Summary: | Modern computer systems are power or energy limited. While the number of transistors per chip continues to increase, classic Dennard voltage scaling has come to an end. Therefore, architects must improve a design's energy efficiency to continue to increase performance at historical rates, while staying within a system's power limit. Throughput processors, which use a large number of threads to tolerate
memory latency, have emerged as an energy-efficient platform for
achieving high performance on diverse workloads and are found in
systems ranging from cell phones to supercomputers. This work focuses
on graphics processing units (GPUs), which contain thousands of
threads per chip.
In this dissertation, I redesign the on-chip storage system of a
modern GPU to improve energy efficiency. Modern GPUs contain very large register files that consume between 15%-20% of the
processor's dynamic energy. Most values written into the register
file are only read a single time, often within a few instructions of
being produced. To optimize for these patterns, we explore various
designs for register file hierarchies. We study both a
hardware-managed register file cache and a software-managed operand register file. We evaluate the energy tradeoffs in varying the number of levels and the capacity of each level in the hierarchy. Our most efficient design reduces register file energy by 54%.

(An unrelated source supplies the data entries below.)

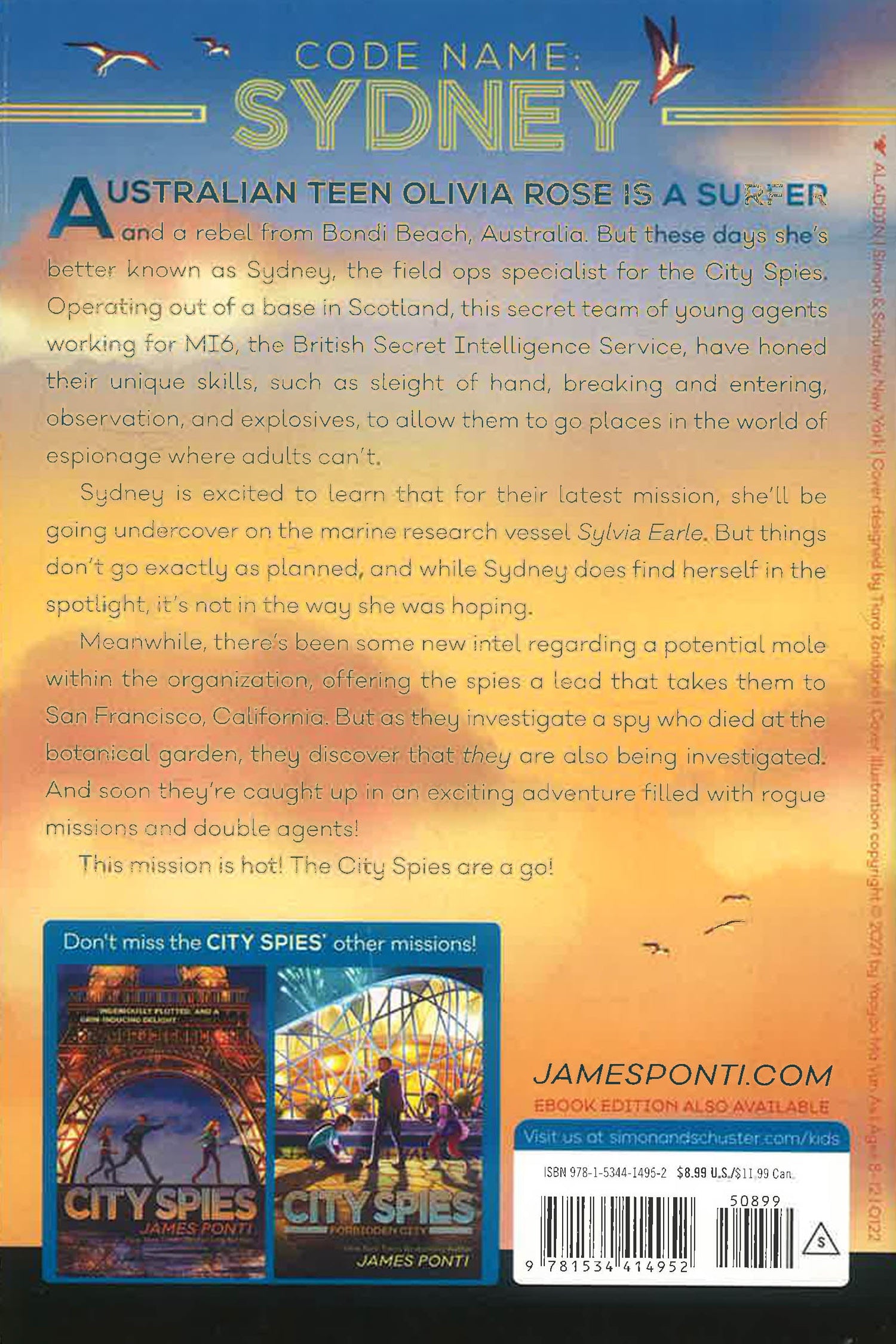 Fourteen-year-old Sydney is a surfer and a rebel from Bondi Beach, Australia. She’s also a field ops specialist for the City Spies. Sydney is excited to learn that she’ll be going undercover on the marine research vessel the Sylvia Earle. But things don’t go exactly as planned, and while Sydney does find herself in the spotlight, it’s not in the way she was hoping.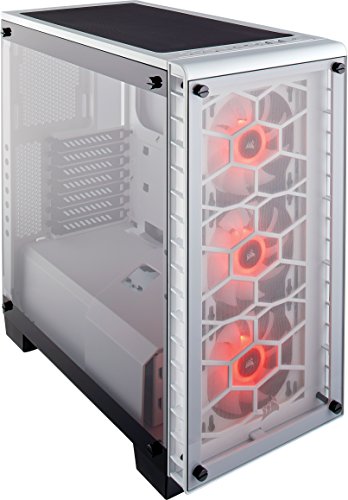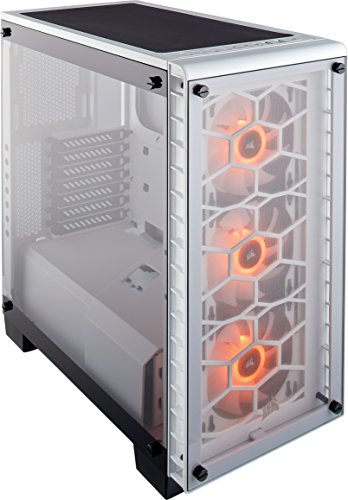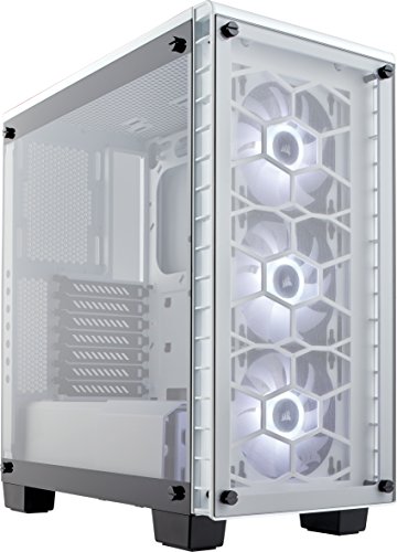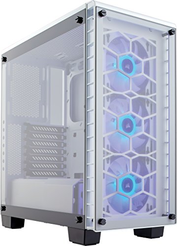 CORSAIR Crystal 460X RGB Compact Mid-Tower Case, 3 RGB Fans, Tempered Glass – White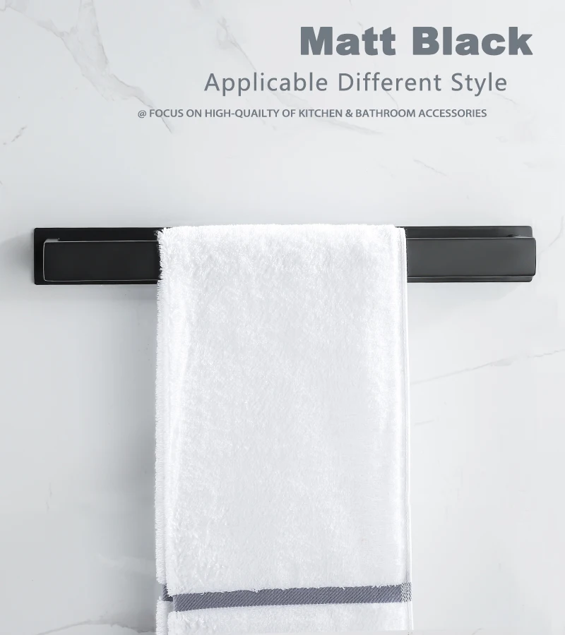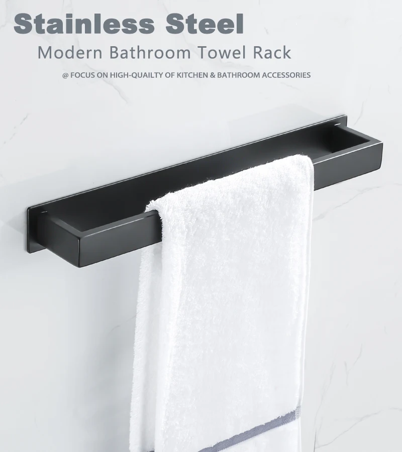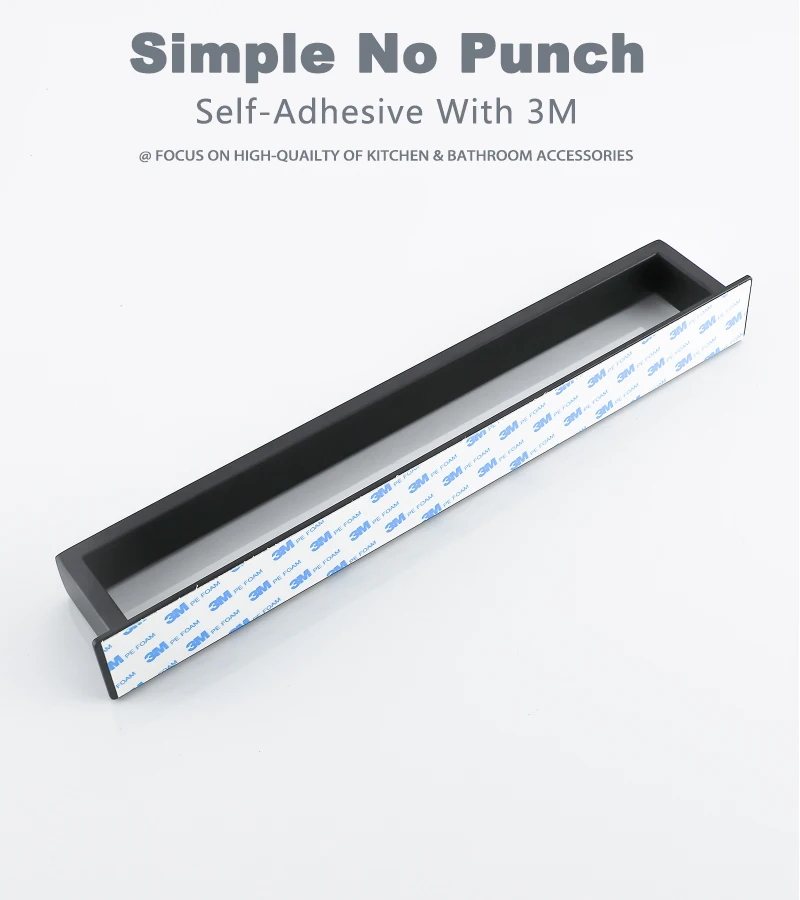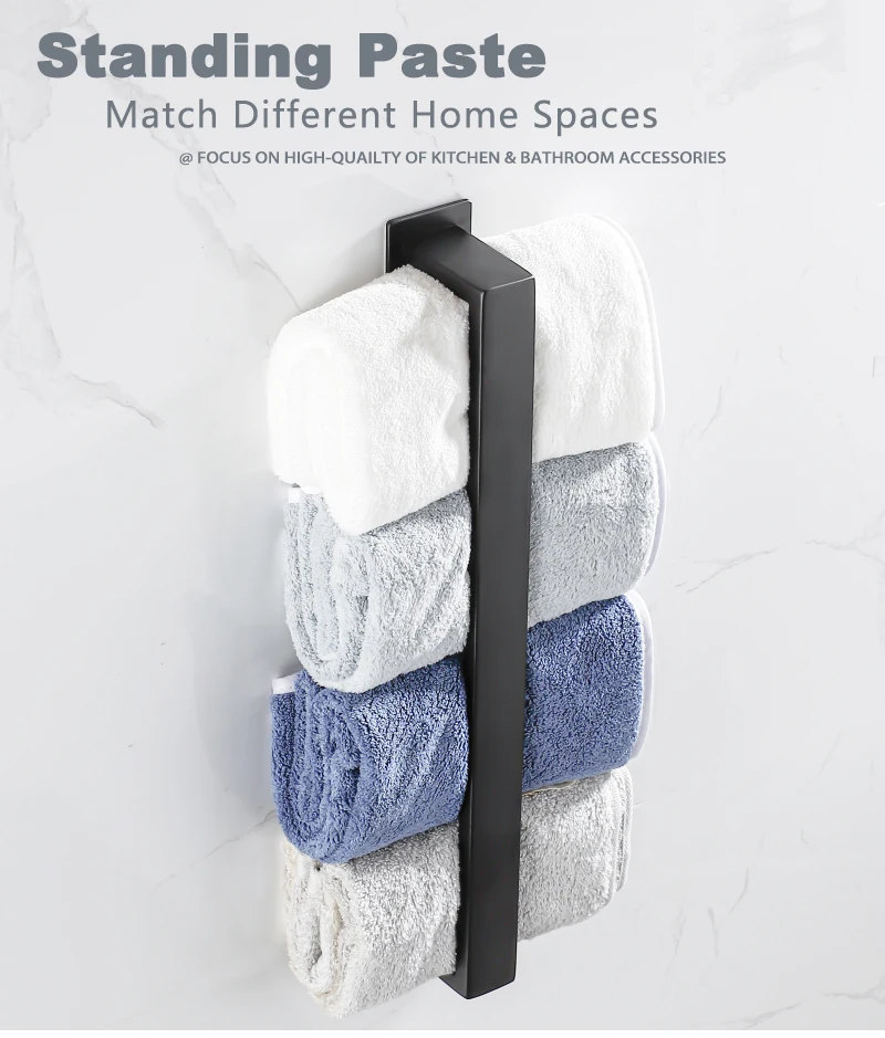 Toalha de aço inoxidável para banheiro, cremalheira de parede, sem broca, cabide preto, prateleira de chuveiro, cozinha rack, auto-adesivo

Beyond the register file, GPUs also contain on-chip scratchpad
memories and caches. Traditional systems have a fixed partitioning
between these three structures. Applications have diverse
requirements and often a single resource is most critical to
performance. We propose to unify the register file, primary data
cache, and scratchpad memory into a single structure that is
dynamically partitioned on a per-kernel basis to match the
application's needs.
The techniques proposed in this dissertation improve the utilization of on-chip memory, a scarce resource for systems with a large number of hardware threads. Making more efficient use of on-chip memory both improves performance and reduces energy. Future efficient systems will be achieved by the combination of several such techniques which
improve energy efficiency. === text
|